ASSIGNMENT ▸ Among the entries below, only the lines from the one with "由于北川新縣城選址一直待定,北川縣委、縣" through the one with "宮島に多く生息する鹿たちも、紅葉の見頃を迎えた園内をゆったりと散策しています。" are wanted, reproduced exactly. Pictures are not wanted.

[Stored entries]
====

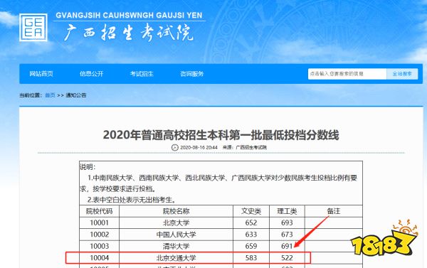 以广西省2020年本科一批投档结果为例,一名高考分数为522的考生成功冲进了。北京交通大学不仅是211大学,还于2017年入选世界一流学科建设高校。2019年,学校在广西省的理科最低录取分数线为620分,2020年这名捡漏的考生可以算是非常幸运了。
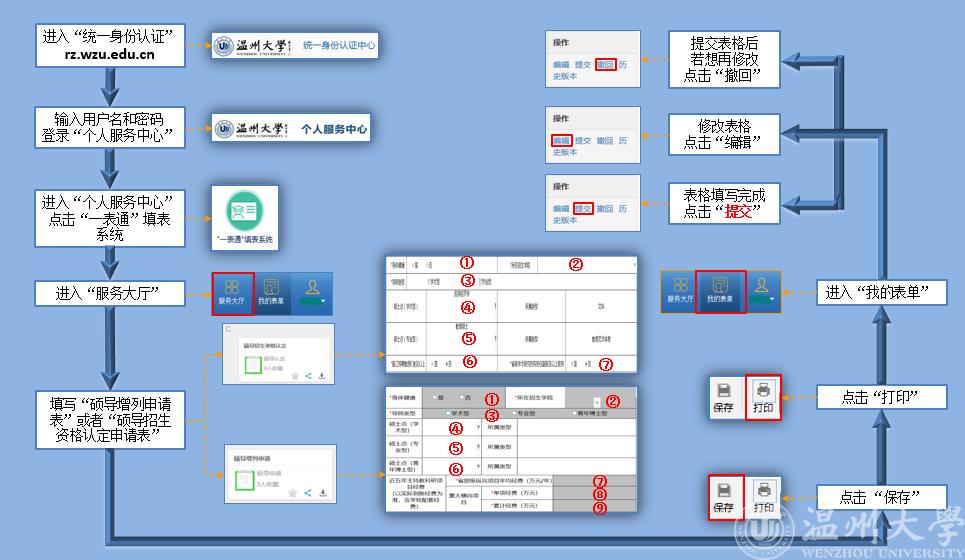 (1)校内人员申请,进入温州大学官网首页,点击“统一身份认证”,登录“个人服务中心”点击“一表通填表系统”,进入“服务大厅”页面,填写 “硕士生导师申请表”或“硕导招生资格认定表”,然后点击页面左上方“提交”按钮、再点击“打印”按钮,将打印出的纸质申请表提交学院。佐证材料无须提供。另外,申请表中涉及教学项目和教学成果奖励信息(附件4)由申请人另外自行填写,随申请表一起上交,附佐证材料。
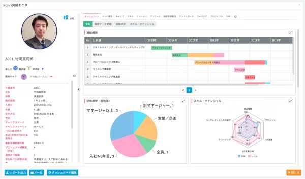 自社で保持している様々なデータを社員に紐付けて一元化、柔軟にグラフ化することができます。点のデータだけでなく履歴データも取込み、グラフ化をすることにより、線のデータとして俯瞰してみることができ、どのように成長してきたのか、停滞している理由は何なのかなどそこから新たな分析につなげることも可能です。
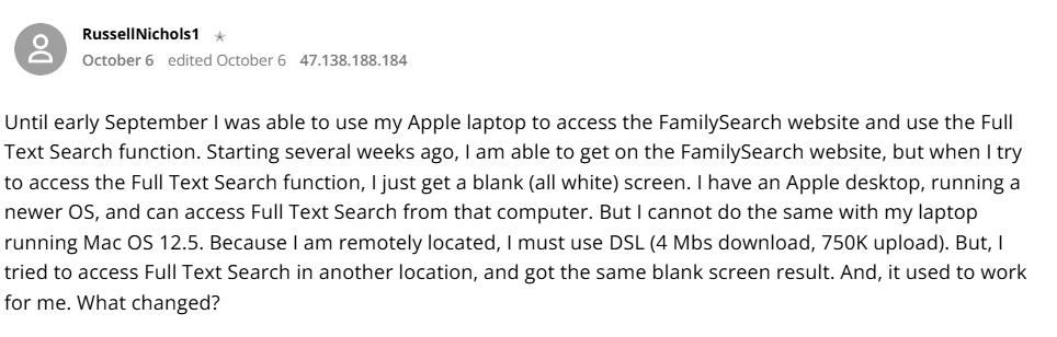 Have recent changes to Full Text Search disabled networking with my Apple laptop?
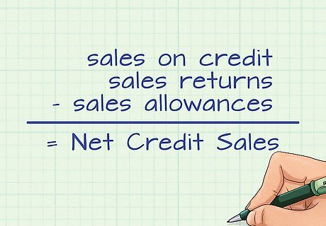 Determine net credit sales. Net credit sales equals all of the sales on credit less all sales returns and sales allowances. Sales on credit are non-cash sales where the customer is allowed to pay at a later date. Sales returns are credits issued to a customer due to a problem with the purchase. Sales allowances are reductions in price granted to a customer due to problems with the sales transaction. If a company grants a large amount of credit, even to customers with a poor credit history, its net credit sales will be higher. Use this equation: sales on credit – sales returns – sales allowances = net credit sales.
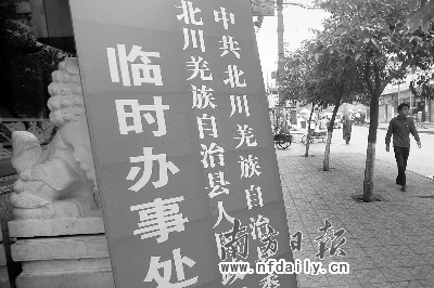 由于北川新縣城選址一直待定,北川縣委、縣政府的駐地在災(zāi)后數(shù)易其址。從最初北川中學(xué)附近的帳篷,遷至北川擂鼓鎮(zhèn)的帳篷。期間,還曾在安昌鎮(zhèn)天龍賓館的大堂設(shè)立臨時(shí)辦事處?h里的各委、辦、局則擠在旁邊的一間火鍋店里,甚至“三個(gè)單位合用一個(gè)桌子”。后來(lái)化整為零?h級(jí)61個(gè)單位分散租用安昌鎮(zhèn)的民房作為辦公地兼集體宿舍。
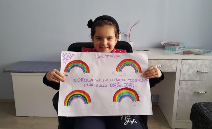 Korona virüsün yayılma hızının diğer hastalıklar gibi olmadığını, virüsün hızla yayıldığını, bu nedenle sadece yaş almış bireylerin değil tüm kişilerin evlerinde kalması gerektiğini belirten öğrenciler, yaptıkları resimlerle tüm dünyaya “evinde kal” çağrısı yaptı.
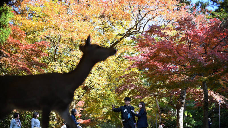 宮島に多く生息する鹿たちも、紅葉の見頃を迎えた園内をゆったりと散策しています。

====

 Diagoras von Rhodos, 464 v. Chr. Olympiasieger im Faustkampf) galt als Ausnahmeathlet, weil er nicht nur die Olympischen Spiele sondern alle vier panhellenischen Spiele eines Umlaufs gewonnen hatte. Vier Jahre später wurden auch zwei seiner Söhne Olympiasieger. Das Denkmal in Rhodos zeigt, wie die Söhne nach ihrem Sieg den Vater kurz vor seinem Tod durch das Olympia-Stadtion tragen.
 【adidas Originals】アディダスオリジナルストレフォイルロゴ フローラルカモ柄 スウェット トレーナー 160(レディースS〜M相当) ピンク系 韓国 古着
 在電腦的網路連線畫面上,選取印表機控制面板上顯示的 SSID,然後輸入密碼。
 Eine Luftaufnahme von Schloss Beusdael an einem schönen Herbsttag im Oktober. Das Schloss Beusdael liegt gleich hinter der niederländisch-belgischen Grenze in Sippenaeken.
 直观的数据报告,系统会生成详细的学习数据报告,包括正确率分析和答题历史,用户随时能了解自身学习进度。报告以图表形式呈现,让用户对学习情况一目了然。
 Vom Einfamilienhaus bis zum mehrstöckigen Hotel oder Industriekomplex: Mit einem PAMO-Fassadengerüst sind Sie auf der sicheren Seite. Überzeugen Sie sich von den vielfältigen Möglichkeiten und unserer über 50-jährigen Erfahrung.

====

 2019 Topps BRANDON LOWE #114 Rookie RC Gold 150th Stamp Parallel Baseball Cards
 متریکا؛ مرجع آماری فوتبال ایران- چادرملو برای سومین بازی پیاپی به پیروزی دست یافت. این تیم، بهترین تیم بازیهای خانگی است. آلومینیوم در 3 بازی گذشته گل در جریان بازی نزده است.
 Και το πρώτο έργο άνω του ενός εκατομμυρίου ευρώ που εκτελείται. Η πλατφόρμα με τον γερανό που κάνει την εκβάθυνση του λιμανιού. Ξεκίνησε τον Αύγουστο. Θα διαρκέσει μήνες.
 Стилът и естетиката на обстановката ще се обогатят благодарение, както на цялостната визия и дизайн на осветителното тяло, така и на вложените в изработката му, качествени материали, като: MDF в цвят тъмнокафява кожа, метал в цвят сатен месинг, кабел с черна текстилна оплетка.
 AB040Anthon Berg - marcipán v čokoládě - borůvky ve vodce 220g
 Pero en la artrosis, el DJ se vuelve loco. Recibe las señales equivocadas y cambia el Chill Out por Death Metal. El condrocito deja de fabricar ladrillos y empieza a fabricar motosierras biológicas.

====

EXPECTED ANSWER ▸
 由于北川新縣城選址一直待定,北川縣委、縣政府的駐地在災(zāi)后數(shù)易其址。從最初北川中學(xué)附近的帳篷,遷至北川擂鼓鎮(zhèn)的帳篷。期間,還曾在安昌鎮(zhèn)天龍賓館的大堂設(shè)立臨時(shí)辦事處?h里的各委、辦、局則擠在旁邊的一間火鍋店里,甚至“三個(gè)單位合用一個(gè)桌子”。后來(lái)化整為零?h級(jí)61個(gè)單位分散租用安昌鎮(zhèn)的民房作為辦公地兼集體宿舍。
 Korona virüsün yayılma hızının diğer hastalıklar gibi olmadığını, virüsün hızla yayıldığını, bu nedenle sadece yaş almış bireylerin değil tüm kişilerin evlerinde kalması gerektiğini belirten öğrenciler, yaptıkları resimlerle tüm dünyaya “evinde kal” çağrısı yaptı.
 宮島に多く生息する鹿たちも、紅葉の見頃を迎えた園内をゆったりと散策しています。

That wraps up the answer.